(Stored data)
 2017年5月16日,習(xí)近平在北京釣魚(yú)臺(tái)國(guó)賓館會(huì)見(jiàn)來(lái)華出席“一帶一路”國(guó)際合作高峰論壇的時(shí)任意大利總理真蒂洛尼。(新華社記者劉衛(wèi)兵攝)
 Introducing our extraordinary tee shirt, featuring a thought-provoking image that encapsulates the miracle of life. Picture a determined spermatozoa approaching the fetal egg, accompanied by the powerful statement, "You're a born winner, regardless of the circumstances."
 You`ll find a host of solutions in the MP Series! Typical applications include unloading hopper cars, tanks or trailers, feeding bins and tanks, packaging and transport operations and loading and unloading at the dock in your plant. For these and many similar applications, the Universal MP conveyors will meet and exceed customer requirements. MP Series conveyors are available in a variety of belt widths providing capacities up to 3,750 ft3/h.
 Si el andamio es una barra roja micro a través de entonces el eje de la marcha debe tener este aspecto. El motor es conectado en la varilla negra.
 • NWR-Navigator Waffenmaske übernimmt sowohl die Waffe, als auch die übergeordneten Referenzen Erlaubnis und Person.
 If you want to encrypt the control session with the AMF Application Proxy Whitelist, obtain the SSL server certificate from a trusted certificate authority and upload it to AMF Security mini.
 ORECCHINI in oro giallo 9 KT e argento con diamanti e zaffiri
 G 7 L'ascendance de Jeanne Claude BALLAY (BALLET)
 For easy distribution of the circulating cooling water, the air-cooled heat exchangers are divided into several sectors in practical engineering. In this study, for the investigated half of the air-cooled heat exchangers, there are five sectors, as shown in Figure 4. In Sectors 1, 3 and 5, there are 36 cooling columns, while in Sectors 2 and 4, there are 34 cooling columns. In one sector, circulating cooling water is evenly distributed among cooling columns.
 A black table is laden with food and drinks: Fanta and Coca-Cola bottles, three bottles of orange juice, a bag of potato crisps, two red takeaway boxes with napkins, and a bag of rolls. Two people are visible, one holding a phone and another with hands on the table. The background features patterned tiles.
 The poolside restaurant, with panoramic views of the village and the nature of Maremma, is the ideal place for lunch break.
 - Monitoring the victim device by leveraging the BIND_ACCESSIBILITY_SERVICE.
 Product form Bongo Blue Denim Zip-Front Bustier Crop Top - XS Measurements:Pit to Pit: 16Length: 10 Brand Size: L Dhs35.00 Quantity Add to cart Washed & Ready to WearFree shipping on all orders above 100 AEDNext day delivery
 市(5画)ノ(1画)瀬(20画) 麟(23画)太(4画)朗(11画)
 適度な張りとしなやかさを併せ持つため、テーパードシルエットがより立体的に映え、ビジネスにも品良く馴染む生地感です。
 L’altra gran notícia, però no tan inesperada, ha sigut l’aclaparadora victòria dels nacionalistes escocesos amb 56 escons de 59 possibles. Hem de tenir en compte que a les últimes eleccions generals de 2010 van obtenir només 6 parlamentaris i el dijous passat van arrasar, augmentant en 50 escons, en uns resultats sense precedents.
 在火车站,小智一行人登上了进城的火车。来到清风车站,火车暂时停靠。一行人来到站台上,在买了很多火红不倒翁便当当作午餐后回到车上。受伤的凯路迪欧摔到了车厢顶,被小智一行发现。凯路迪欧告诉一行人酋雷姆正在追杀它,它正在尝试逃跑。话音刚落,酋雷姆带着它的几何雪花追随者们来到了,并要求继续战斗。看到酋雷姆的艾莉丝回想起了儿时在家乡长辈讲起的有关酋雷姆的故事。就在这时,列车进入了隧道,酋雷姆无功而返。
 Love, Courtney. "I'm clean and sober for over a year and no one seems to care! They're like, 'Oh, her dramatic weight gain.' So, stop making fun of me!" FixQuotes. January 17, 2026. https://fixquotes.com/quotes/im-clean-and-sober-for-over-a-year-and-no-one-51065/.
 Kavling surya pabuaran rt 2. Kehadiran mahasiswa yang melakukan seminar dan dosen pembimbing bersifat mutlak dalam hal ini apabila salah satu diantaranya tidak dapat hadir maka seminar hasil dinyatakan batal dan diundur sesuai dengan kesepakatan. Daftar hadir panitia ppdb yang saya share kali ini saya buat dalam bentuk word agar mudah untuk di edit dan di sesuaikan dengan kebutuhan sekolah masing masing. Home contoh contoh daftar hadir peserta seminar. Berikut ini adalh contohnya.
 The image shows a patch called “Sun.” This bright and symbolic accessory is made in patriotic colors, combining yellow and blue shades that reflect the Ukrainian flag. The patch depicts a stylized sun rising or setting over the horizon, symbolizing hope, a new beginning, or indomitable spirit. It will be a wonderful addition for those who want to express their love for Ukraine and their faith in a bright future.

* **Task item**
Take the lines from the first line of the records through the line holding "The poolside restaurant, with", both included, and please reproduce them exactly with nothing added.

* **Solution for this exercise**
 2017年5月16日,習(xí)近平在北京釣魚(yú)臺(tái)國(guó)賓館會(huì)見(jiàn)來(lái)華出席“一帶一路”國(guó)際合作高峰論壇的時(shí)任意大利總理真蒂洛尼。(新華社記者劉衛(wèi)兵攝)
 Introducing our extraordinary tee shirt, featuring a thought-provoking image that encapsulates the miracle of life. Picture a determined spermatozoa approaching the fetal egg, accompanied by the powerful statement, "You're a born winner, regardless of the circumstances."
 You`ll find a host of solutions in the MP Series! Typical applications include unloading hopper cars, tanks or trailers, feeding bins and tanks, packaging and transport operations and loading and unloading at the dock in your plant. For these and many similar applications, the Universal MP conveyors will meet and exceed customer requirements. MP Series conveyors are available in a variety of belt widths providing capacities up to 3,750 ft3/h.
 Si el andamio es una barra roja micro a través de entonces el eje de la marcha debe tener este aspecto. El motor es conectado en la varilla negra.
 • NWR-Navigator Waffenmaske übernimmt sowohl die Waffe, als auch die übergeordneten Referenzen Erlaubnis und Person.
 If you want to encrypt the control session with the AMF Application Proxy Whitelist, obtain the SSL server certificate from a trusted certificate authority and upload it to AMF Security mini.
 ORECCHINI in oro giallo 9 KT e argento con diamanti e zaffiri
 G 7 L'ascendance de Jeanne Claude BALLAY (BALLET)
 For easy distribution of the circulating cooling water, the air-cooled heat exchangers are divided into several sectors in practical engineering. In this study, for the investigated half of the air-cooled heat exchangers, there are five sectors, as shown in Figure 4. In Sectors 1, 3 and 5, there are 36 cooling columns, while in Sectors 2 and 4, there are 34 cooling columns. In one sector, circulating cooling water is evenly distributed among cooling columns.
 A black table is laden with food and drinks: Fanta and Coca-Cola bottles, three bottles of orange juice, a bag of potato crisps, two red takeaway boxes with napkins, and a bag of rolls. Two people are visible, one holding a phone and another with hands on the table. The background features patterned tiles.
 The poolside restaurant, with panoramic views of the village and the nature of Maremma, is the ideal place for lunch break.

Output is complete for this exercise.